Mamook Closhe--Using art to make good

The American Genocide

of the First Nations People of Turtle Island

Native people call North America Turtle Island.

I have spent most of my life living in a white bubble.  The bubble has protected me from learning the truth of the history of North America.  I was brought into the Native community in a wonderful way with a vision that was given to me to use art as a way to bring healing for historical wrongs.  (Read about this vision—Link to Vision)

What I have since learned has shed much light on my ignorance of the genocide.  Our genocide is one that has lasted longer than any other in the history of the world, but we white folks haven’t called it genocide.

The following examples are taken from, “We Are Not the Savages” by Dr. Daniel N. Paul Elder in the Mi’Kmaq-Maliseet First Nation’s tribes.  http://www.danielnpaul.com/index.html.  Used by permission.):

" ‘No state can achieve proper culture, civilization, and progress ... as long as Indians are permitted to remain.’  This view, articulated by U.S. President Martin Van Buren in 1837, lays bare the predominate White supremacist genocidal mentality that the Indigenous Peoples of the Americas have had to contend with since Columbus landed in 1492.
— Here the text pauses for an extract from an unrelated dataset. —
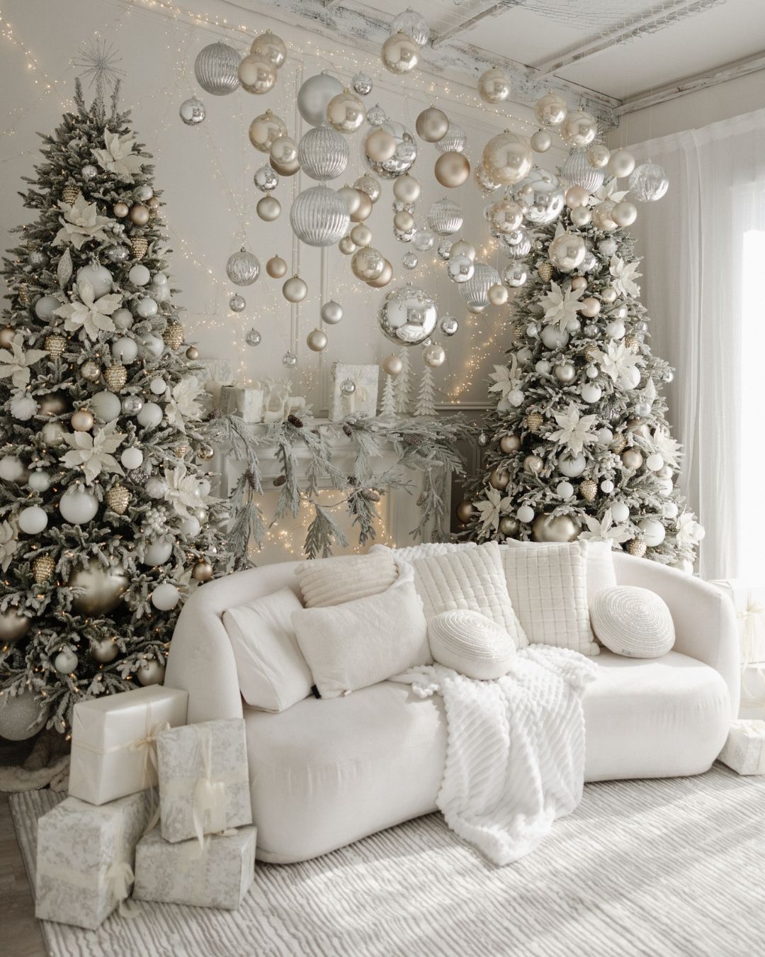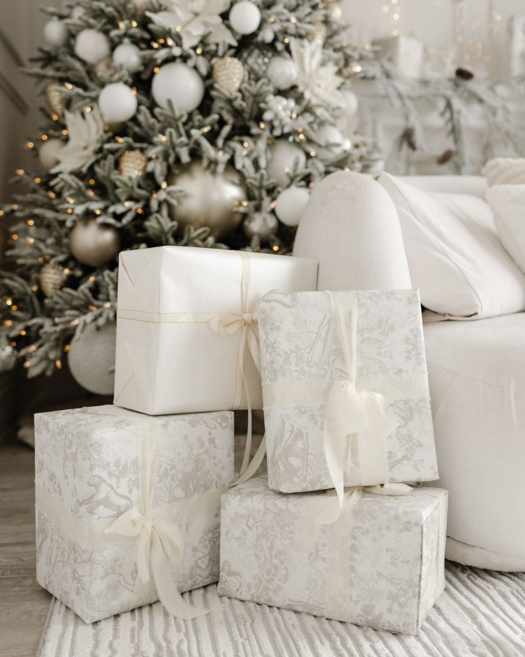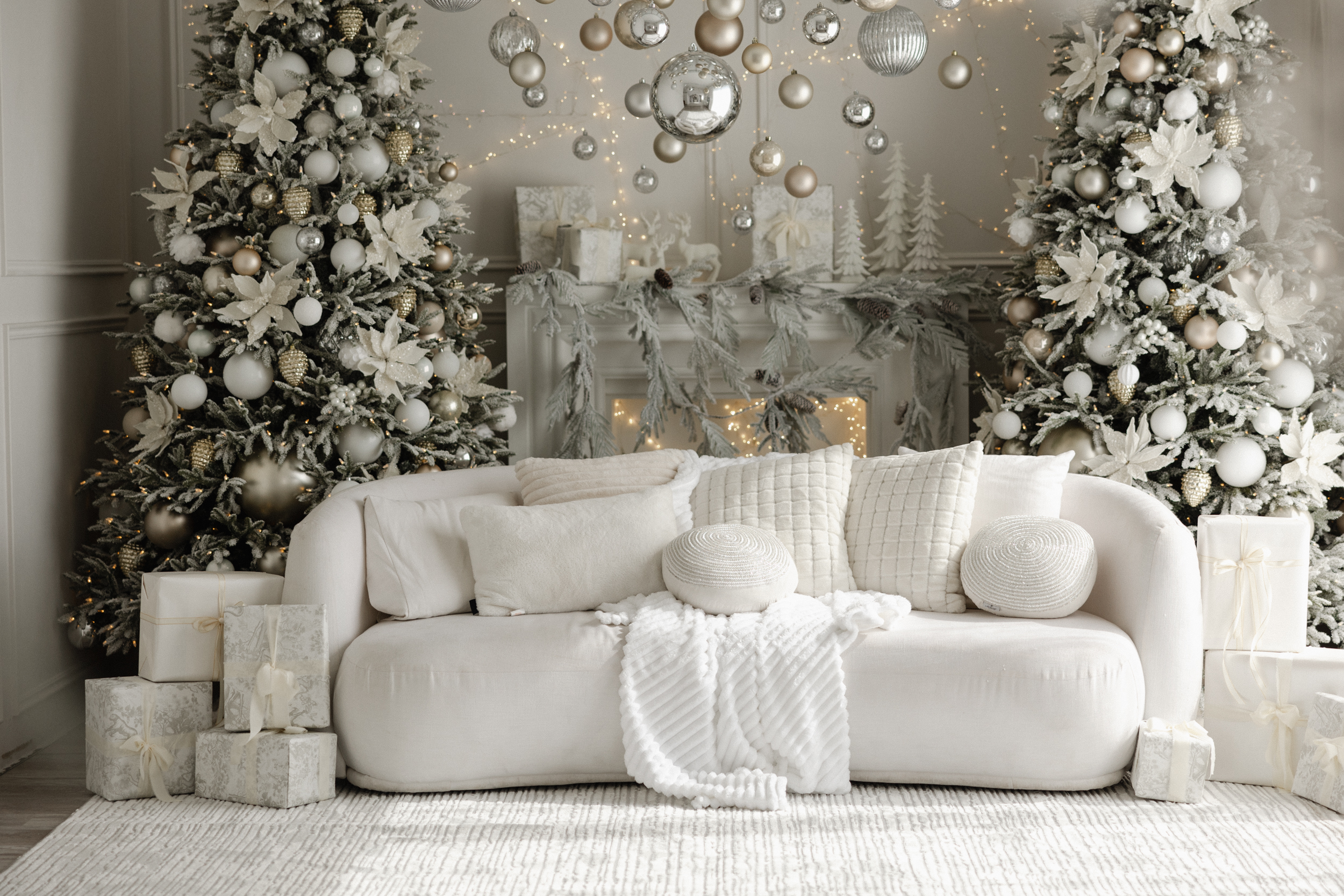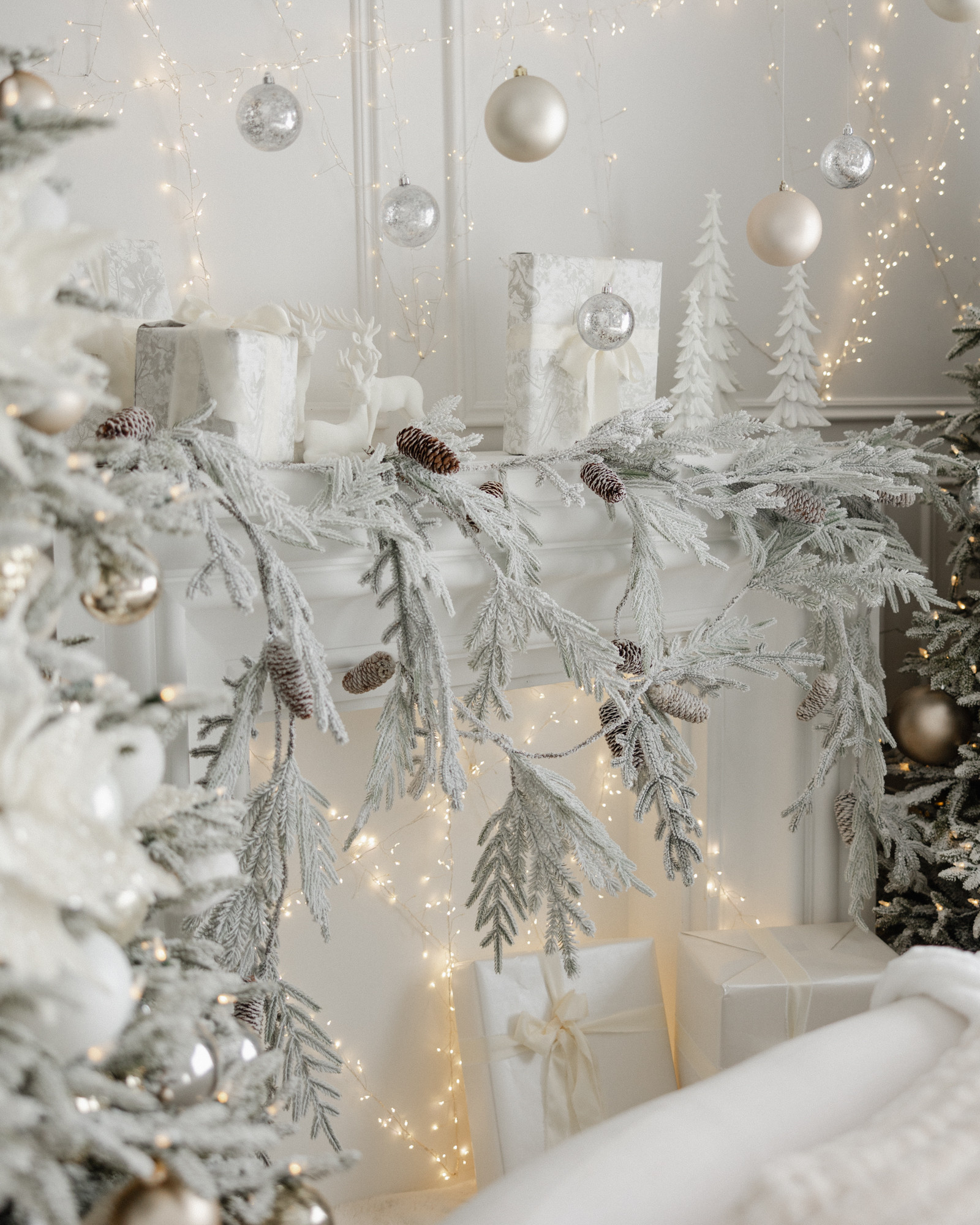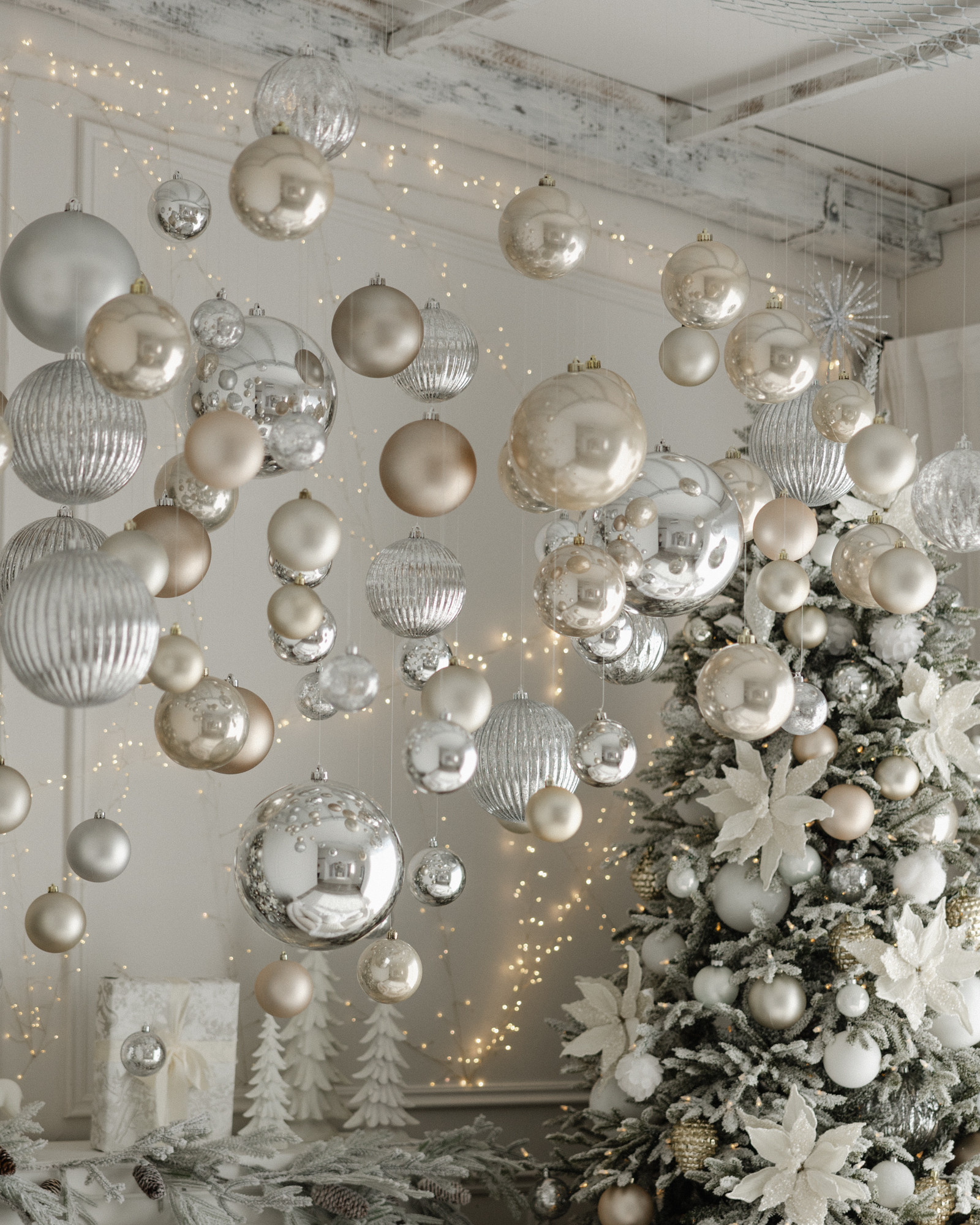 At its center, a cozy white lounge is framed by two flocked Christmas trees, dressed with oversized baubles in ivory, champagne, and soft metallics. Beautifully wrapped gifts, delicate garlands, and festive textures layer in magic and sophistication – perfect for family portraits, children’s milestones, or holiday campaigns. A fully adorned white swing adds a whimsical touch, offering variety and playful charm.

“In April 1850, the California legislature passed a law that stated "In no case shall a white man be convicted of any offense upon the testimony of an Indian " Thus, if any case brought to trial any white men who raped, killed, enslaved Indians or illegally took their lands, they were not found guilty simply because no Indian would or could testify". In this case it was a written law, but realistically, across the Americas the same law prevailed, albeit mostly unwritten.

“I used the before mentioned examples to describe the White supremacist mentality that the Indigenous peoples of the Americas have had to contend with for survival for the better part of five centuries simply because I had them readily available. However, one should not believe for one second that it was only the Caucasians of the United States of America that indulged in such uncivilized behavior towards American Indians, several works of encyclopedic proportions could be filled with similar activities taken from the archives of other countries of the Americas. For instance, Canada had on its books until 1951 a law that prevented Indians from taking legal action against the federal government. Also, up until the 1990s, all programs it enacted to meet its Constitutional responsibilities for Indians were begot to realize the eventual resolving of its "Indian Problem" by the extermination of its American Indian population by assimilation.”